Under general reservoir conditions, crude oil is negatively charged and carbonate rock is positively charged, which lead to the strong attachment of oil particles on rock surfaces and cause initial oil-wet conditions. Chemisorption mechanisms will increase the negative surface charge with the injection of low salinity fluids and then the repulsive part of disjoining pressure will enhance together with the wettability altered to water-wet. A thin film may appear in this process with the residual water on mineral surfaces [57]. A schematic representation of the process is illustrated in Figure 2 [58] and a double layer expansion mechanism is also involved. The thin film may provide a channel for imbibition phenomenon and flow conditions in reservoir will be improved thereby.

thumbnail Fig. 2

A conceptual illustration of wettability alteration with thin film formation [58].

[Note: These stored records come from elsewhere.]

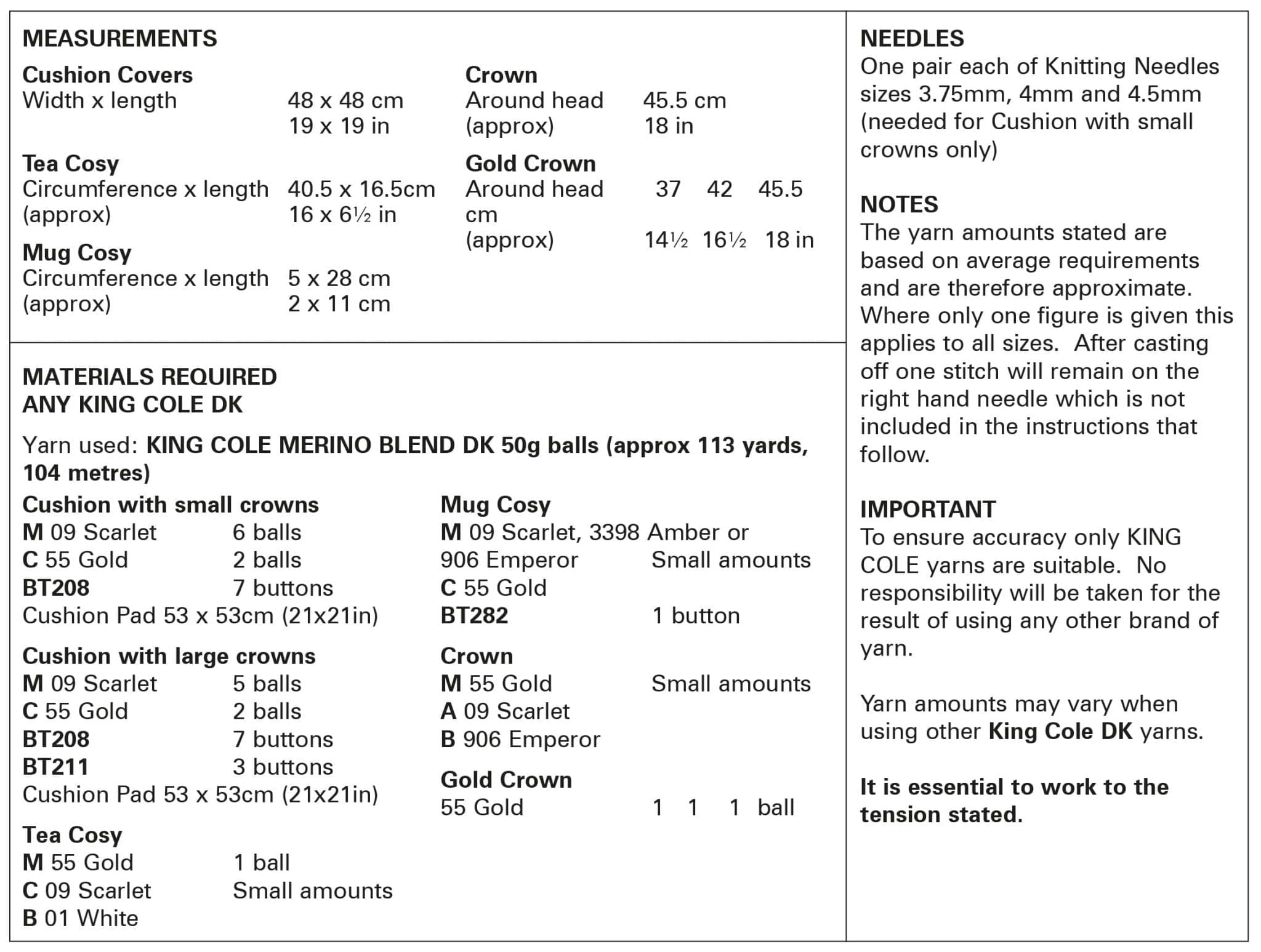 King Cole Pattern 6025
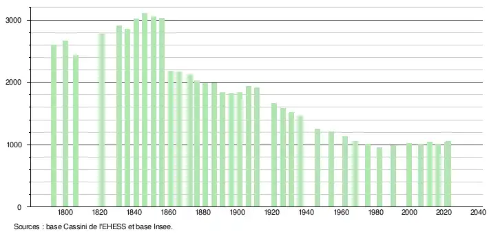 | L'évolution du nombre d'habitants est connue à travers les recensements de la population effectués dans la commune depuis 1793. Pour les communes de moins de 10 000 habitants, une enquête de recensement portant sur toute la population est réalisée tous les cinq ans, les populations de référence des années intermédiaires étant quant à elles estimées par interpolation ou extrapolation[39]. Pour la commune, le premier recensement exhaustif entrant dans le cadre du nouveau dispositif a été réalisé en 2006[40]. En 2022, la commune comptait 1 059 habitants[Note 1], en évolution de +4,64 % par rapport à 2016 (Gironde : +6,91 %, France hors Mayotte : +2,11 %). |
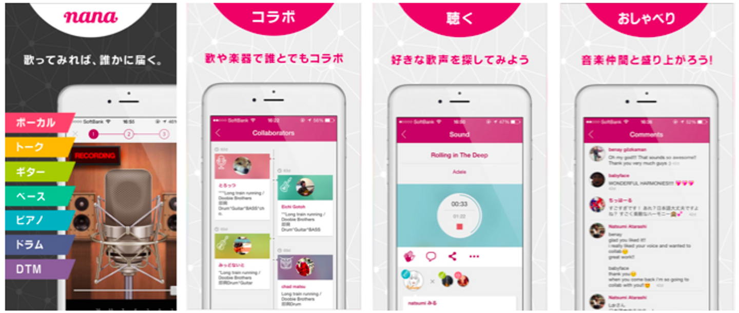 nanaは、スマホひとつで世界中の人たちといつでも、どこでも、誰とでも、歌い合ったり、楽器でセッションしあったりといった音楽でコラボレーションができる、そんなアプリです。

2.3 Double layer expansion

Derjaguin, Landau, Verwey, and Overbeek theory (DLVO theory), also known as the double layer theory, is often used to describe the electrostatic interactions which exhibit significant effects in low salinity waterflooding processes [48]. The classical theory models the disjoining pressure with two components: electrical force ( Π EDL ( h ) $ {\mathrm{\Pi }}_{\mathrm{EDL}}(h)$) and molecular force (or van der Waals force Π VDW ( h ) $ {\mathrm{\Pi }}_{\mathrm{VDW}}(h)$), and structural force ( Π STR ( h ) $ {\mathrm{\Pi }}_{\mathrm{STR}}(h)$) is later added as a part of non-DLVO theory [59]. Van der Waals force in its loose sense (i.e., including all intermolecular forces) can be further divided into orientation force, induction force, and dispersion force; or respectively Keesom force, Debye force, and London dispersion force [60]. The preferential adsorption of potential-determining ions may occur through physical adsorption or chemical bonds, and the inner layer will be accumulated with adsorbed ions while the counter ions will form the second layer at the top. The electrical double layer force can be derived from the Coulombic interactions between a charged ion and a polar particle or between charged ions. The so-called electric double layer combines the effects of the electrostatic repulsion and van der Waals attraction. The clay–clay interaction is reduced with low salinity brine injection by the expansion of the double layer of counter ions and the repulsion is increased. The result of double layer expansion can be illustrated in Figure 3 to show the surface interaction in the oil/brine/rock systems with either high salinity water or low salinity water. The thin film between oil/brine and brine/rock is found to be more stable owing to this double layer expansion effect so that more oil can be detached from the rock surface and more water-wet conditions can be obtained [61]. Generally, the ζ− potential can be used to evaluate the film stability. A widely accepted criteria is ±10 mV, and the film stability is assumed to increase with larger ζ− potential and film thickness, while the film is considered as unstable if ζ− potential is less than ±10 mV [62]. Similar mechanism was proposed in [13] to describe the process of mixed-wet particles releasing from the rock walls with the salinity reduction and double layer expansion, which results into locally heterogeneous wetting conditions and enhanced oil recovery.

thumbnail Fig. 3

A schematic illustration of the surface interactions in oil/brine/rock system with either high salinity water or low salinity water [123].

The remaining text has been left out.